Task:
Every line from the one with "方子村入口,假山中释放出薄薄的烟雾,营造出如梦如幻的仙境。" up to and including the one with "Düz kırmızı renkte, kısa" is to be output exactly as it appears below; pictures are not.

Materials provided:
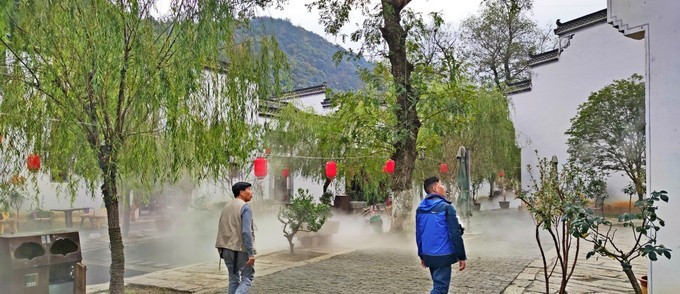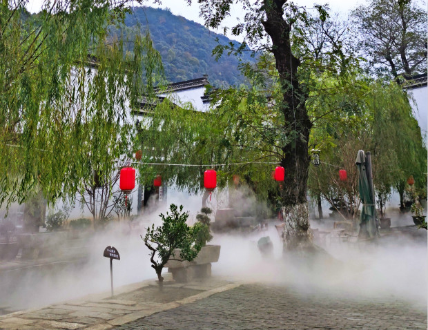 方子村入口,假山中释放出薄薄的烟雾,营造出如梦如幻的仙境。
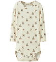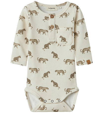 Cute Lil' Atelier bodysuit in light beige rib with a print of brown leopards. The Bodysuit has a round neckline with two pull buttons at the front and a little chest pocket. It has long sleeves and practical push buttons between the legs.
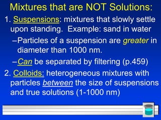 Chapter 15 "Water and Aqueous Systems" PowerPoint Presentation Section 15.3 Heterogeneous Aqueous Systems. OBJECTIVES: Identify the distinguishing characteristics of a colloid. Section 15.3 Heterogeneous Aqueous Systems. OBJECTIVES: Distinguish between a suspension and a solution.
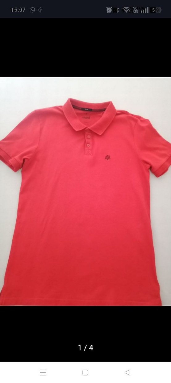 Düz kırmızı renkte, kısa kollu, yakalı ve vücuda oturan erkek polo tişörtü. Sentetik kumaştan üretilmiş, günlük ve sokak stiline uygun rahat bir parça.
* * *
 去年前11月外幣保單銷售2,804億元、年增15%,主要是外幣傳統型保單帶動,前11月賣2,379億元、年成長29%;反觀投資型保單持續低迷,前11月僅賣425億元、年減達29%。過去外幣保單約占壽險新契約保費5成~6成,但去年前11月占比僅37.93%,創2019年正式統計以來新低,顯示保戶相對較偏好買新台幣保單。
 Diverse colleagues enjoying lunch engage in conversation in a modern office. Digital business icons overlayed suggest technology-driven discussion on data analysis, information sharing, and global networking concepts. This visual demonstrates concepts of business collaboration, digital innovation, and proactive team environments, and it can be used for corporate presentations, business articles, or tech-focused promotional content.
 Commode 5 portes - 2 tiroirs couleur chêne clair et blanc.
---
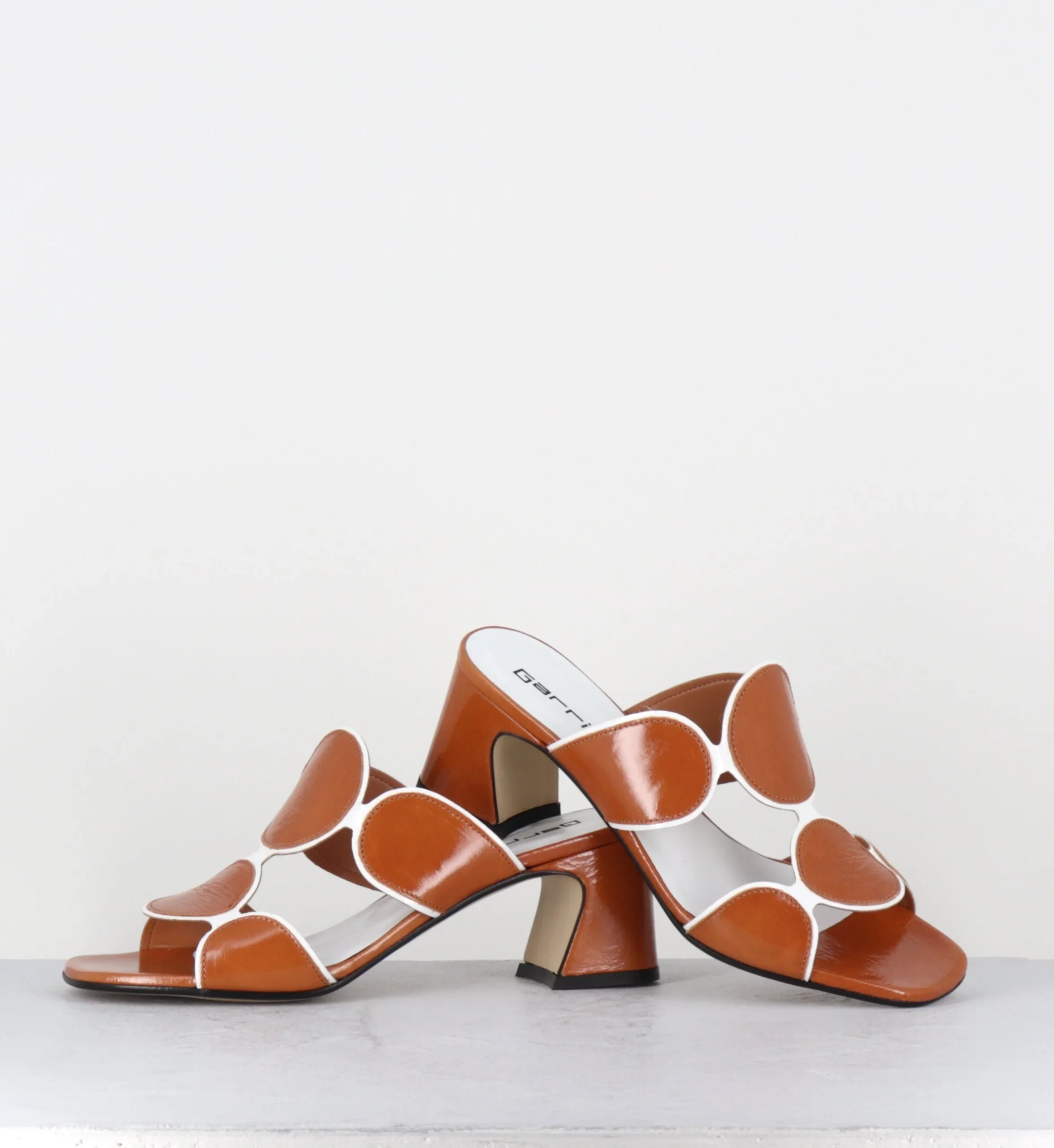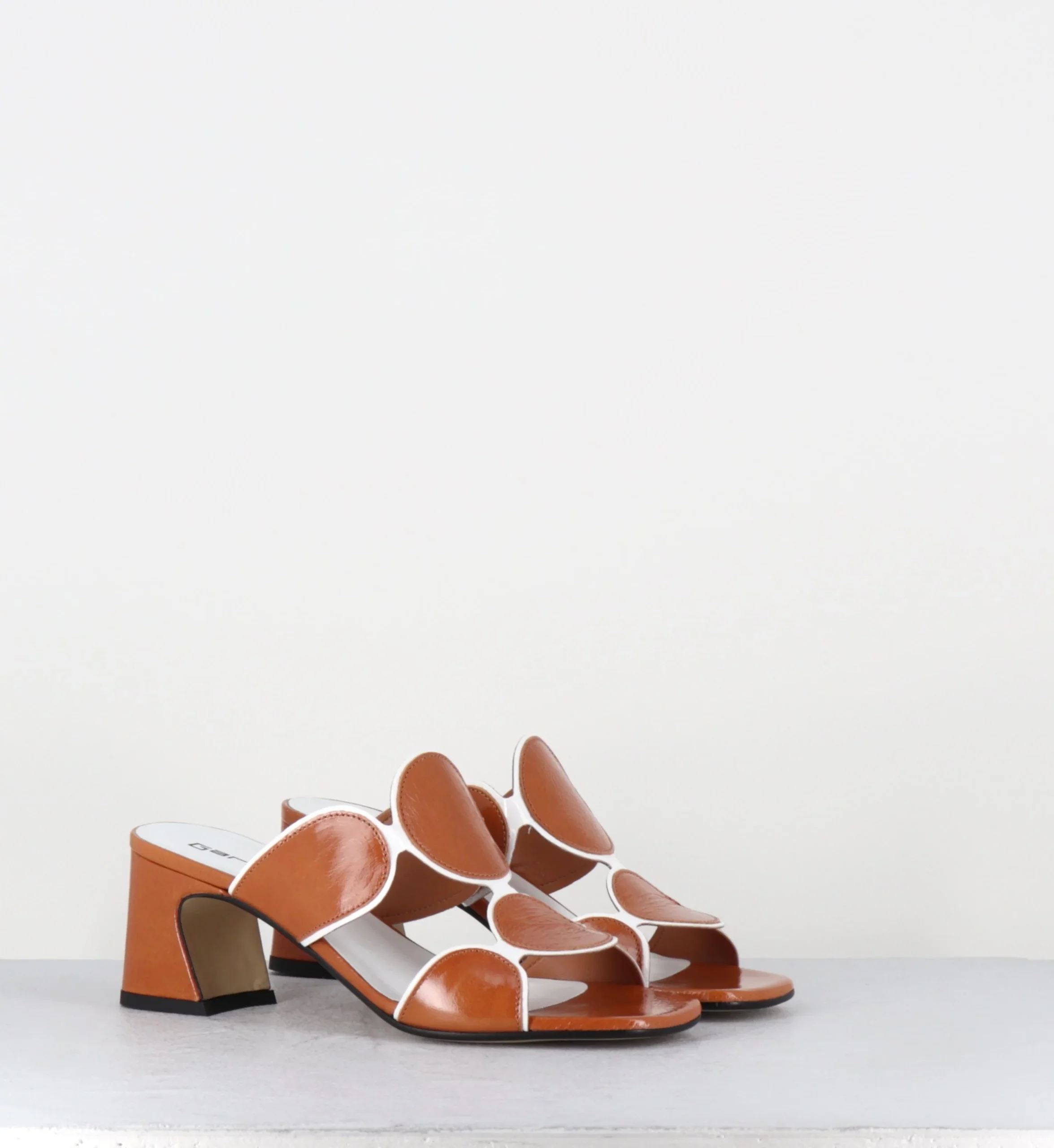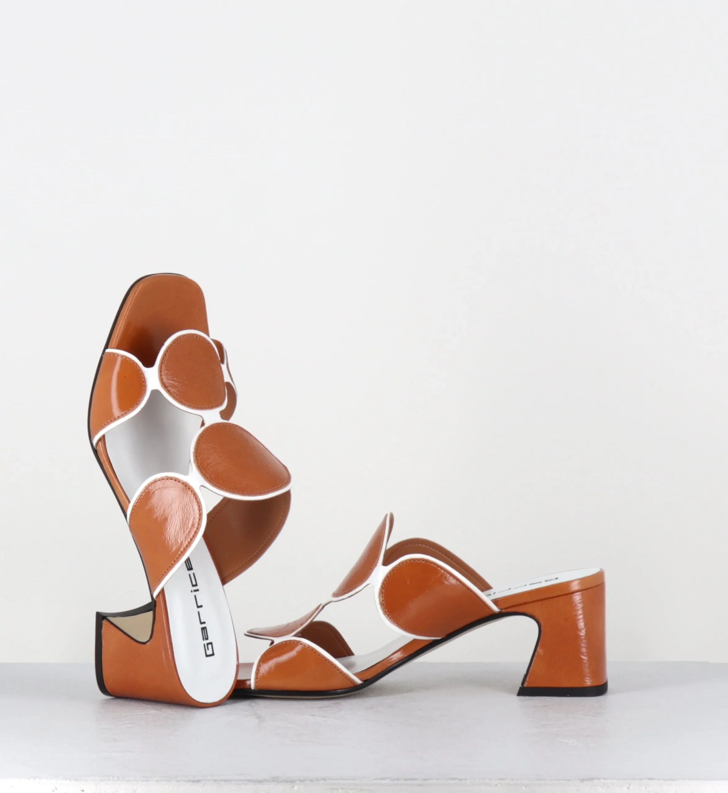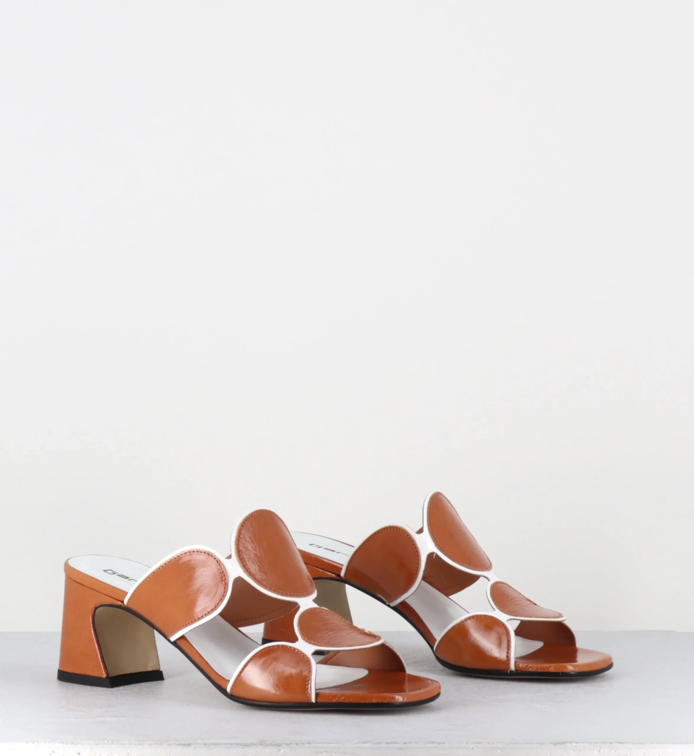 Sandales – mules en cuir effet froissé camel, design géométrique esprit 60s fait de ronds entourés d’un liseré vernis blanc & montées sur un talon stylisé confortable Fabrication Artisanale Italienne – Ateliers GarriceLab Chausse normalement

Solution to this problem:
 方子村入口,假山中释放出薄薄的烟雾,营造出如梦如幻的仙境。
 Cute Lil' Atelier bodysuit in light beige rib with a print of brown leopards. The Bodysuit has a round neckline with two pull buttons at the front and a little chest pocket. It has long sleeves and practical push buttons between the legs.
 Chapter 15 "Water and Aqueous Systems" PowerPoint Presentation Section 15.3 Heterogeneous Aqueous Systems. OBJECTIVES: Identify the distinguishing characteristics of a colloid. Section 15.3 Heterogeneous Aqueous Systems. OBJECTIVES: Distinguish between a suspension and a solution.
 Düz kırmızı renkte, kısa kollu, yakalı ve vücuda oturan erkek polo tişörtü. Sentetik kumaştan üretilmiş, günlük ve sokak stiline uygun rahat bir parça.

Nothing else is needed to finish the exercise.